Solomon’s studies and measurements in Antarctica identified both the mechanism for ozone destruction and the culprit: chemicals called chlorofluorocarbons, which were once widely used as refrigerants and aerosol propellants. Identifying the problem led to a global solution called the Montreal Protocol, an international treaty to phase out ozone-destroying gases and replace them with less harmful chemicals.
Although Solomon’s recent studies have shown that the ozone hole has begun to heal, there is still much to be learned about how the ozone layer is responding to human intervention, and about what can be done to improve its recovery during what Solomon calls the “accountability” period of ozone research. (A group of scientists reported last week that emissions of a banned chemical appear to be rising, which suggests that someone is cheating on the agreement.)

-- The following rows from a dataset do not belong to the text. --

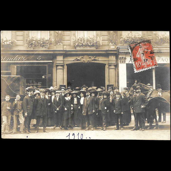 왼쪽 위부터] Jean Béraud(1907) 'La Rue de la Paix' 그림에서 오른쪽에 파퀸 하우스가 보인다 /옆서(1910) PAQUIN과 MARINDAZ 하우스:3 RUE DE LA PAIX, 파퀸 하우스 앞에 직원으로 추정되는 사람들이 있다/ Henri Gervex(1906). 파퀸에서 5시간(Five Hours at Paquin), 중앙에 쟌느가 왼쪽 뒤에 이사도르가 있다. / Isaac Israels(1865-1934), 파리의 파퀸작업장(Studio Paquin, Paris)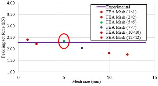 The appropriate use of the element size is important in finite element analysis (FEA) to effectively simulate the deflection-time history and force–time history of aluminum panels. Thus, a convergence study was considered in the finite element modeling of the aluminum plates. A plateau was noted between 2 mm and 5 mm mesh size with a percentage difference of around 1%. The mesh size 5 × 5 mm (both for the projectile and the plate) was found to be the most suitable for the finite element modeling of the proposed model (refer to Figure 3).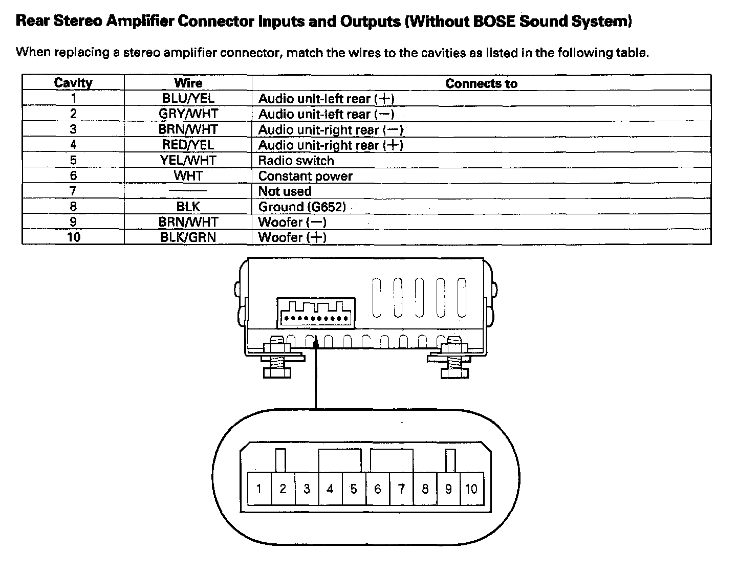 Rear Stereo Amplifier Connector Inputs And Outputs (Without BOSE Sound System):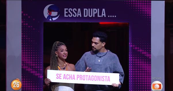 Eles tinham que decidir qual das duplas "é espaçosa", "não faz questão de se conectar", "se acha protagonista", "não tem entrosamento", "esconde o jogo" ou "faz média com todo mundo". Os participantes poderiam escolher qualquer participante, mas apenas os protagonistas tinham direito a réplicas.>

Solomon, who has co-chaired a working group of the Intergovernmental Panel on Climate Change, is also studying how changes in the stratosphere affect Earth’s winds and climate systems. Bulletin contributing editor Dawn Stover spoke with her about her work and the Crafoord Prize.
Bulletin of the Atomic Scientists: How did you learn that you’d won the Crafoord Prize? Did you get one of those 5:00 a.m. calls from Stockholm?
Susan Solomon: I was actually on a ship in the middle of the Antarctic Ocean when they called me. There was no telephone, and we had extremely limited Internet, so they sent me an email which I didn’t see for a day and a half.
BAS: What were you doing in the Antarctic?
SS: I wish I could tell you that it was a research cruise. I did my real research in the Antarctic in the late ’80s and early ’90s, and all of our work was out of McMurdo Station, which is on land. But I’ve on a couple of occasions been a lecturer onboard a tourism ship, and that’s what I was doing.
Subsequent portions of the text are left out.